It's worth reading through the comments on the original link
My favourite explaination of the question was this one
Another restatement of the problem for those who don’t get it:

“Bob and Sue played exactly one game with a fair in a closed room (but with a video camera to verify the result). They come out and report that Bob won the game (he rolled a 6 before Sue). Now Alice (who did not see the game) pipes up: “I will bet $10 against your $50 that won it on his 2nd turn! Any takers?” (This means if Bob won on his 2nd turn, then you pays $40, otherwise she pays you $10).

Please assume that there is no cheating, and Alice has no information that you do not have.

Is it a good bet to take? At exactly what payout is it an even bet?

If you believe the probability is 1/6 or 5/36 or 125/1296, you will think this is a good bet, because although you wager 5 times as much, you are at least 5 times as likely to win. If the probability is 1/6, then you win 5 times out of 6, while Alice wins 1 time out of 6, so 10:50 is an even bet. If the odds are 125/1296, they you are more than 9 times as likely to win as Alice, but you are wagering only 5 times as much!

Alice must have miscalculated! What a rube! Take the bet!

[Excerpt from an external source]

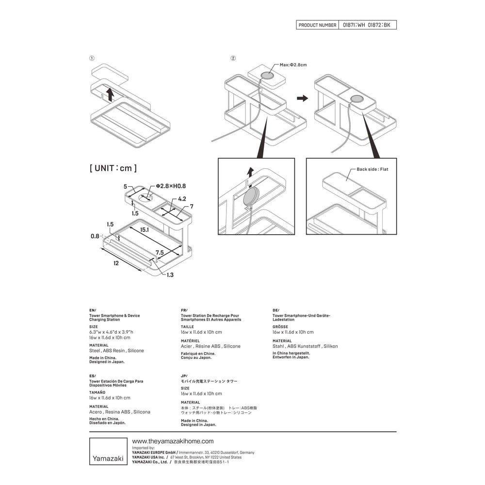 Il pratico supporto di Yamazaki consente di riporre e caricare tutti i dispositivi in un unico posto. Nella parte superiore è presente un foro per i cavi e un cuscinetto in silicone per lo smartwatch. Nella parte inferiore è presente un supporto per il telefono, il tablet e uno spazio per altri accessori.

Alice, however, has calculated the probability as 275/1296, approximately 21%. Alice thus that you are slightly less than 4 times as likely to win (you win about 79% of the time, and Alice wins about 21% of the time), but you would be risking 5 times as much money.

Alice is trolling for suckers! Are you going to bite?

So, with money on the line, what is the true probability?

Hint: If you want to take the bet at $10 to $50, I will be happy to oblige you!
The trouble for me was that once I fully understood the question it became clear I didn't have the maths skills to get to the solution.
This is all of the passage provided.